I would encourage you to reflect on this conversation about thinking skills and enter into the discussion. You can share your thoughts in a comment to this post and also with any of the ELT members. It would be good if one of the administrators that are questioning the inclusion would share their thinking so that we can have that information as we continue to reflect on this question. I am looking forward to the continued conversation. I am also wondering if there is a right or wrong answer. Whatever emerges from the conversation will influence our Classroom 10 journey and become part of the Tahoma way as we prepare young people for success in post high school learning and work.

3 comments:

Jonathan said...

Not being a member of the ELT or part of the discussion, I may not understand exactly what you're asking, Mike, but hey, I'll give it a try!

You wrote, "There are some on the administrative team that question whether there should be a thinking skill identified in each lesson. From her comment you can see that Nancy believes that there would be one. Why do you think there are others that might disagree?"

Well, many educators are currently immersed in the research around differentiation, and possibly limiting the focus of a lesson to a single, identifiable thinking skill may seem to stifle indivdual approaches for students to apply their unique thinking to the task at hand.

(or maybe I have no idea what the ELT is considering because I was not part of the discussion. lol

Possibly a more useful component to include in lesson design may be that students are expected to articulate the thinking skill they used to complete their work?
Jonathan

Kristin said...

I think it's important to remember that, just because we might not be directly teaching the strategy for a thinking skill (including the steps and the use of the graphic organizer, etc.) in a given lesson, that doesn't mean that we are not using a thinking skill as a lens to focus the learning.

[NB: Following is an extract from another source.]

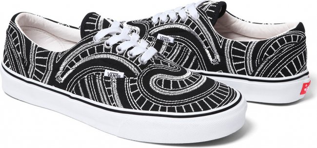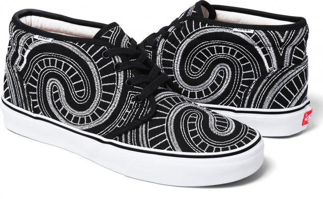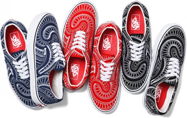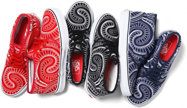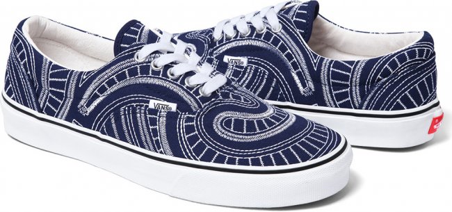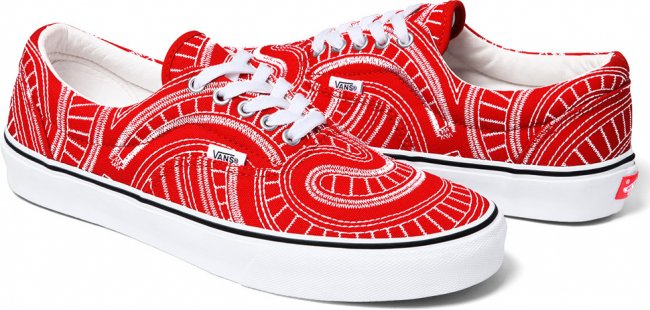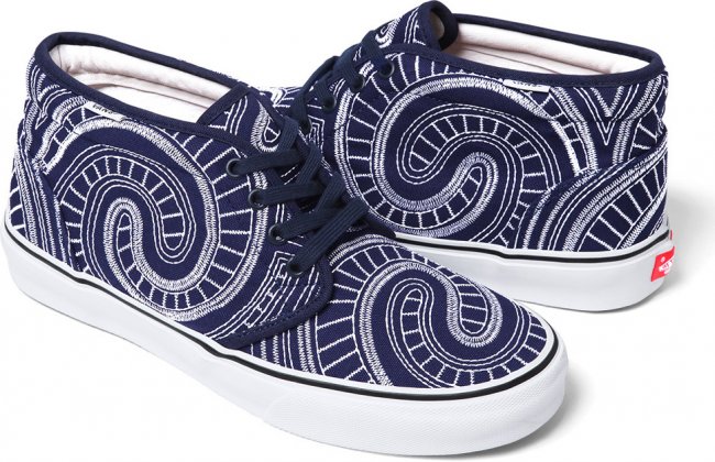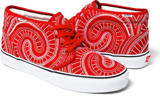 随着夏季的临近,纽约街头潮牌Supreme再度携手Vans于近日推出全新2014春夏季联名鞋款系列。该系列由Vans Era及Vans Chukka两双经典鞋款组成,设计师在红、黑、蓝纯色呈现的帆布鞋面采用独特的白色车线勾勒,令鞋面上充满极具特色的漩涡状装饰,搭配白色皮革内衬与硫化大底,令人极易深刻。据悉,Supreme x Vans全新2014春夏季联名鞋款系列将于5月15日陆续在各大Supreme门店发售。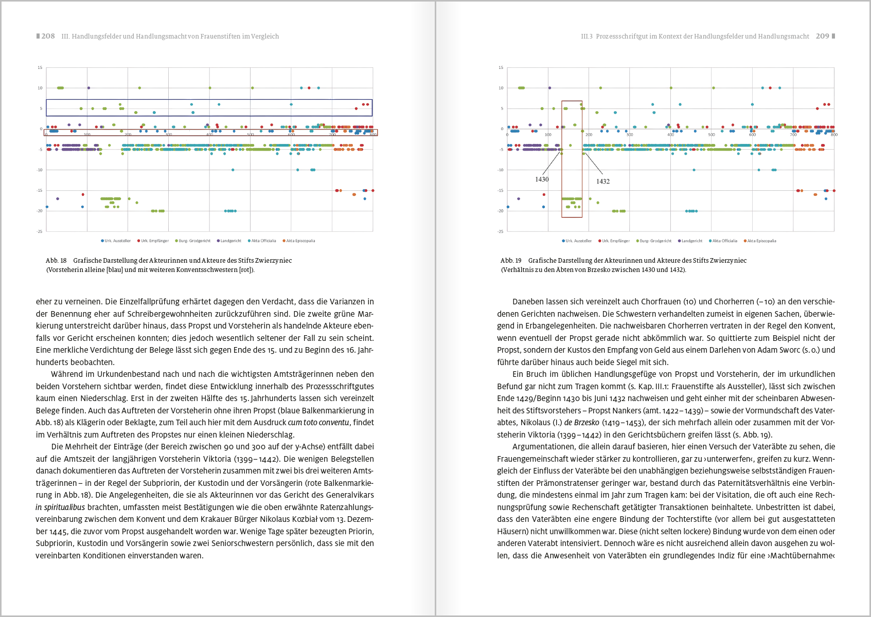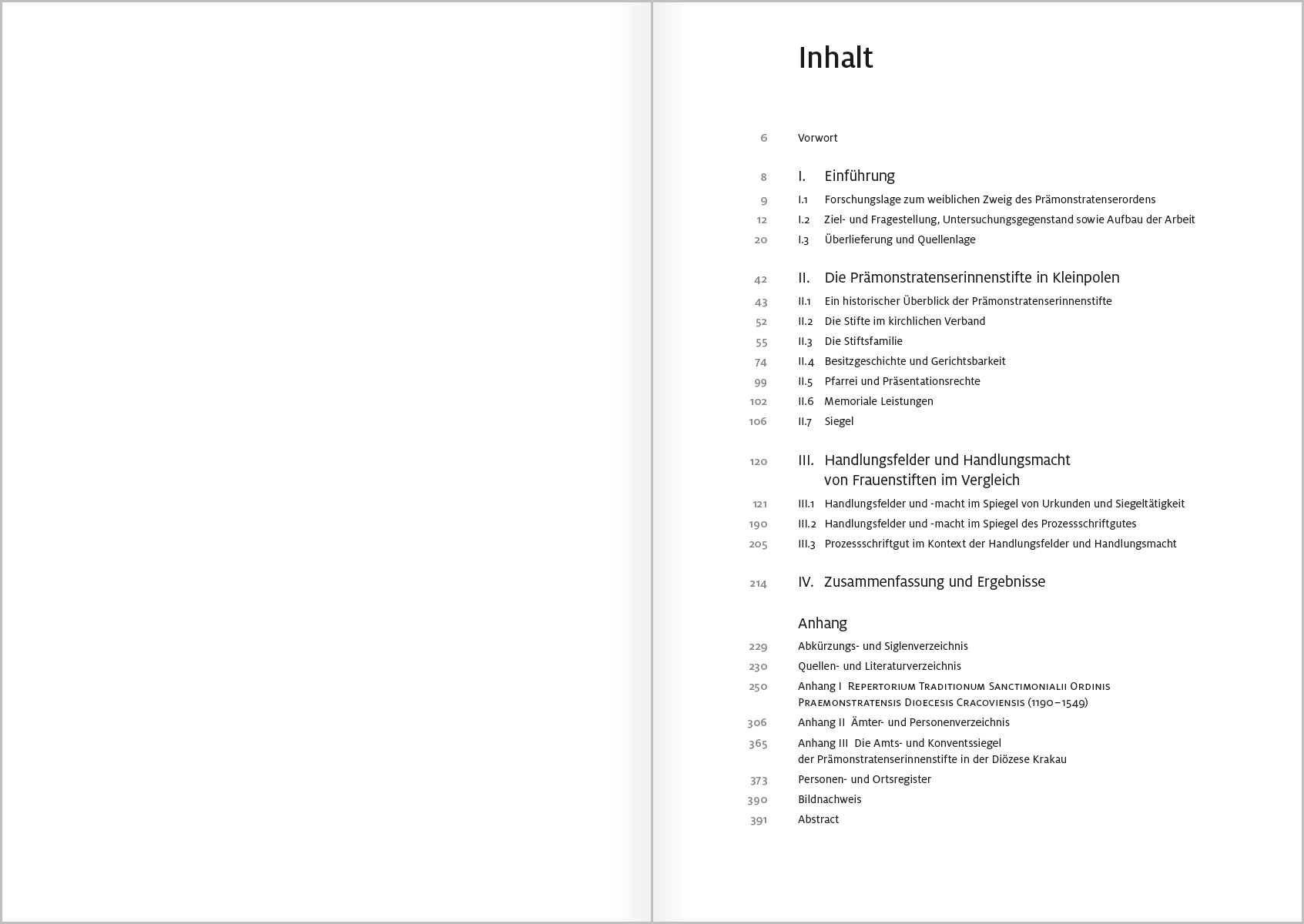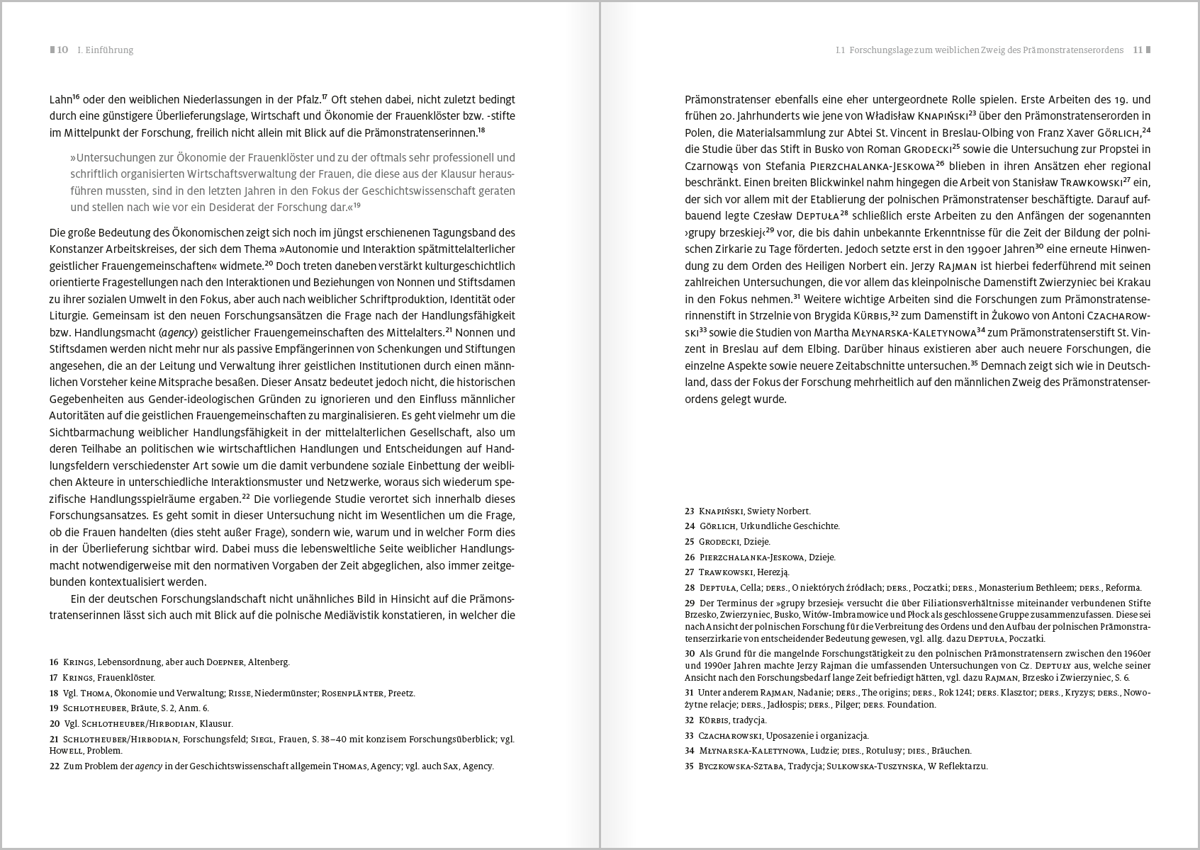 Die vorliegende Studie untersucht die Handlungsfähigkeit prämonstratensischer Frauenstifte des Mittelalters am Beispiel der vier Damenstifte der Diözese Krakau vom 13. bis zur Mitte des 16. Jahrhunderts. Ausgangspunkt ist die in der Forschung verbreitete Annahme, dass eine zunehmende wirtschaftliche und rechtliche Eigenständigkeit weiblicher Konvente zwangsläufig mit einem Verfall klösterlicher Disziplin, insbesondere der Klausur, einhergegangen sei. Ziel der Arbeit ist es, diese Deutung kritisch zu überprüfen und die tatsächlichen Handlungsmöglichkeiten prämonstratensischer Stiftsdamen differenziert zu bestimmen. Im Zentrum stehen Fragen nach der agency der Stiftsdamen, nach den Rollen von weiblichem und männlichem Leitungspersonal sowie nach den normativen und sozialen Rahmenbedingungen, innerhalb derer weibliches Handeln möglich war. Methodisch verbindet die Studie eine institutions- und ordensgeschichtliche Perspektive mit einem akteurszentrierten Zugriff auf Grundlage urkundlicher Überlieferung und pragmatischer Schriftlichkeit. Die Arbeit versteht sich als exemplarische Fallstudie und zugleich als Beitrag zur vergleichenden Erforschung weiblicher Klöster und Stifte im spätmittelalterlichen Europa.

If we can accept that every lesson will go beyond simply recording and recalling information, then we naturally accept that we will be including a thinking skill. The components of Rigor, Active Learning Strategies, and Thinking Skills naturally overlap. When we plan our lessons, we think about the content and what we want the students to do with it, how we will engage them in processing it and/or creating with it. Will they be comparing and contrasting? Sequencing events? Identifying a main idea or a point of view? Synthesizing ideas to create something new?

When we plan our instruction and decide how to focus students' thinking, we can also plan to name and label the thinking skills students are using in the lesson.

Kristin said...

This is a bit of a tangent, but I also think it's tremendously important to remember how thinking skills and habits of mind bring authenticity to students' work, even in those instances when they don't have an authentic audience for what they produce.
Children and young adults may not always understand why it's important for them to learn the distributive property in math (or Shakespeare's plays, or the Boston Tea Party, or the elements of art, or the layers of the atmosphere, or insert-your-content-here), but they intrinsically understand that the Habits of Mind and thinking skills are important for their success in life.
I've never heard a student ask "Why do I need to be a responsible risk taker?" or "When am I ever going to use Decision Making in the real world?"